● Dataset extract:
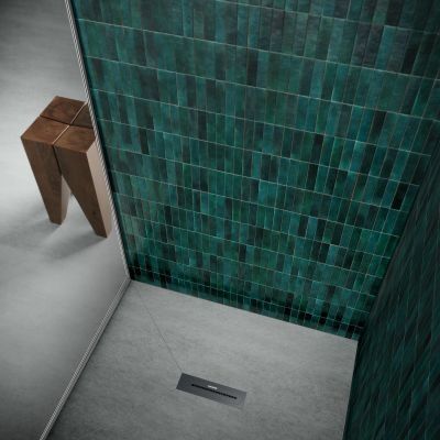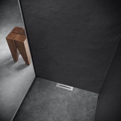 Bodenseitiger Gesamtaufbau (Fliese, Fliesenkleber, Abdichtung) von 11 mm bis 28 mm, auch für fugenlose Böden geeignet
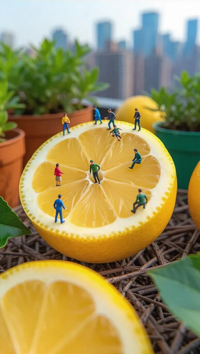 The camera begins with a close-up of the intricate details of the lemon slices, showcasing the vibrant yellow flesh and seeds. It then performs a slow push-in, gradually revealing miniature thumb-sized people engaged in various activities around the lemons. The figures move subtly, enhancing the sense of depth and playfulness. The natural textures of the surrounding twigs and greenery remain in focus, adding to the scene's charm. The setting is a vibrant urban rooftop garden with city skylines and colorful pots.
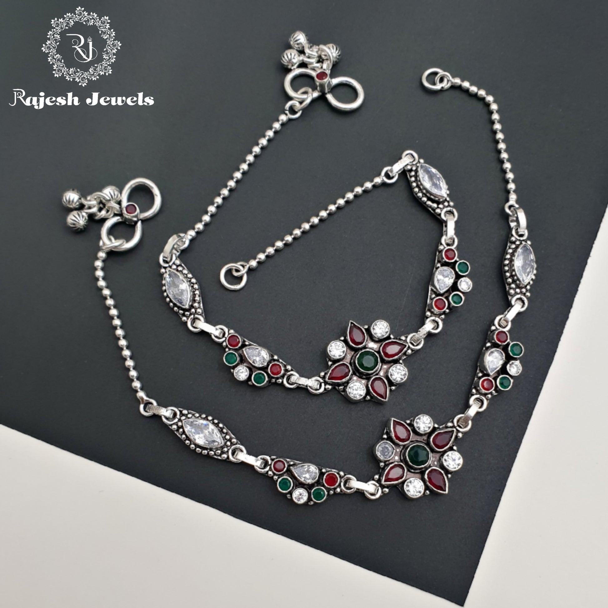 92.5 Pure Silver Oxidised Antique Finish Handmade Anklet Studded With Semi Precious Stones
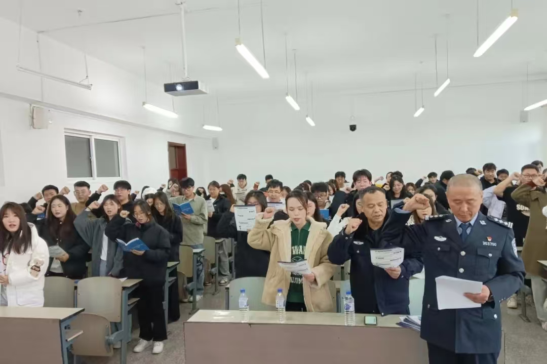 随后,车警官详细讲解高校诈骗五大常见形式,如网上刷单、冒充客服等,揭露其中套路。最后传授预防诈骗六条锦囊,鼓励大家与亲友交流防骗经验、勿贪小便宜等。此外,车警官为参会同学发放防诈骗手册和宣传单,带领大家宣誓。

● Exercise prompt:
Reproduce the material word for word, minus the images.

● Your solution:
 Bodenseitiger Gesamtaufbau (Fliese, Fliesenkleber, Abdichtung) von 11 mm bis 28 mm, auch für fugenlose Böden geeignet
 The camera begins with a close-up of the intricate details of the lemon slices, showcasing the vibrant yellow flesh and seeds. It then performs a slow push-in, gradually revealing miniature thumb-sized people engaged in various activities around the lemons. The figures move subtly, enhancing the sense of depth and playfulness. The natural textures of the surrounding twigs and greenery remain in focus, adding to the scene's charm. The setting is a vibrant urban rooftop garden with city skylines and colorful pots.
 92.5 Pure Silver Oxidised Antique Finish Handmade Anklet Studded With Semi Precious Stones
 随后,车警官详细讲解高校诈骗五大常见形式,如网上刷单、冒充客服等,揭露其中套路。最后传授预防诈骗六条锦囊,鼓励大家与亲友交流防骗经验、勿贪小便宜等。此外,车警官为参会同学发放防诈骗手册和宣传单,带领大家宣誓。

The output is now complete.